The southpaw threw six shutout innings while only giving up four hits, but Dodgers manager Dave Roberts decided to remove him after just 65 pitches.

“I felt the stuff was good, but I thought they were taking some good swings off of him,” Roberts explained.

“There was some hard contact in there and I felt that part of the lineup again, give them a different look with bringing in Brusdar gave us a good chance to win and also keep Julio in line for his next start.”

While the Dodgers could have opted to let Urías continue into the seventh, Roberts also recognizes the 25-year-old has only thrown more than 80 innings once in his career, which came last season when he threw 185.2.

Roberts understands that his starter would like to pitch deeper into the games, but insists they are ultimately on the same page.

“I would expect nothing less, but I think I’ve built enough equity with Julio,” Roberts said. “Understanding the history, understanding he’s got a lot of great baseball ahead of him as well, so I really believe we’re in lockstep with how we’re using him. I really believe that.”

While they have yet to unleash him fully this season, partly due to the shortened Spring Training, Roberts reiterated the Dodgers view Urías as an elite starter and they expect him to pitch deeper into games later in the season.

“I do believe he is that guy, and we’re going to lean on him all summer.
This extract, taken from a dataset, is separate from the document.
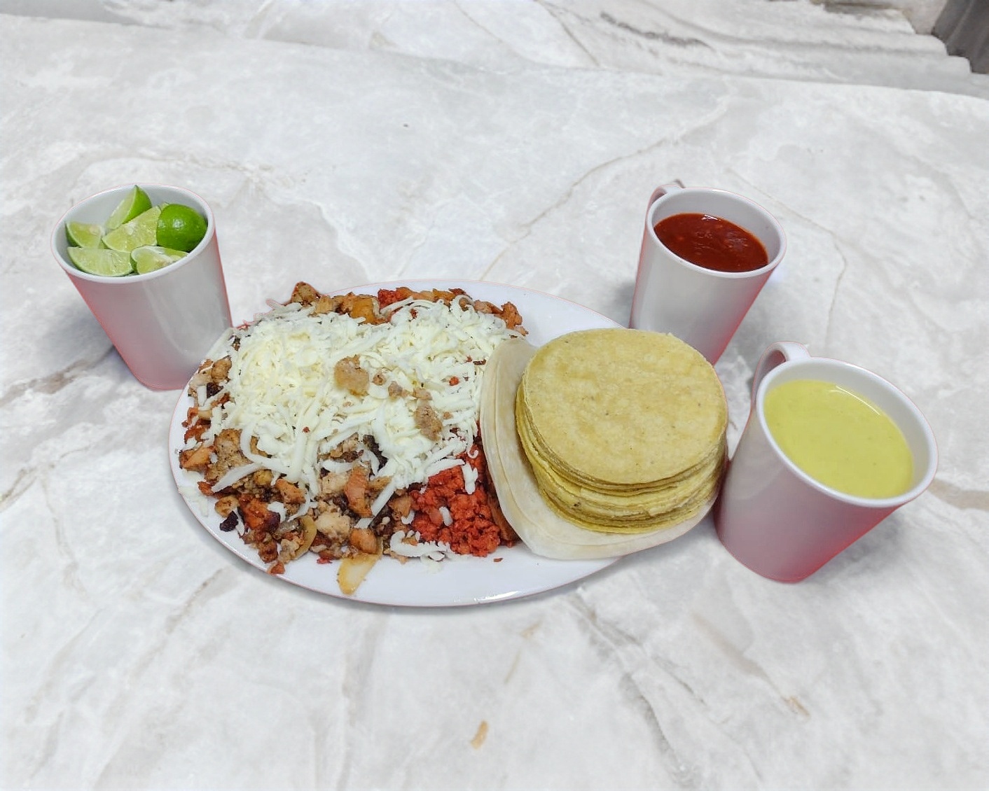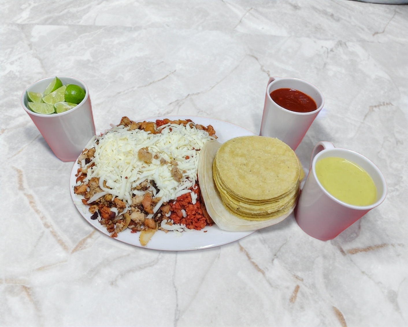 3 gringas de pastor salsas verduras y limones

I just didn’t feel right now was the time,” Roberts said. “I still think really sort of appreciating the buildup in Spring Training, I don’t think all things are created equal as far as a typical year.

“I think we’ve still got to be mindful of the workload from the past year and continue to appreciate what we didn’t have as far as the buildup. You guys know me, I would rather err a little bit more on the cautious side than the aggressive side.”
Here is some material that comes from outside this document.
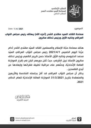 لقاء هاتفي بين الصدر والحلبوسي والكعبي والطرفي

As a competitor, Urías said he would’ve liked to continue pitching, but at the end of the day, he was understanding of the decision because he knows the end goal is to win the World Series, not throw a complete game in May.

“Just like I’ve always said, I always follow the plan,” Urías said. “Everything they expected of me, I gave it. That’s one of those things they wanted to do.”

Urías had everything working

Although Urías only finished with four strikeouts, he felt every pitch was working well for him, and that lent to have a strong performance against a tough lineup.

“I felt like everything was working really well from the first pitch of the game,” Urías said. “Started off with that breaking ball and it felt like every pitch I was using was working really well.”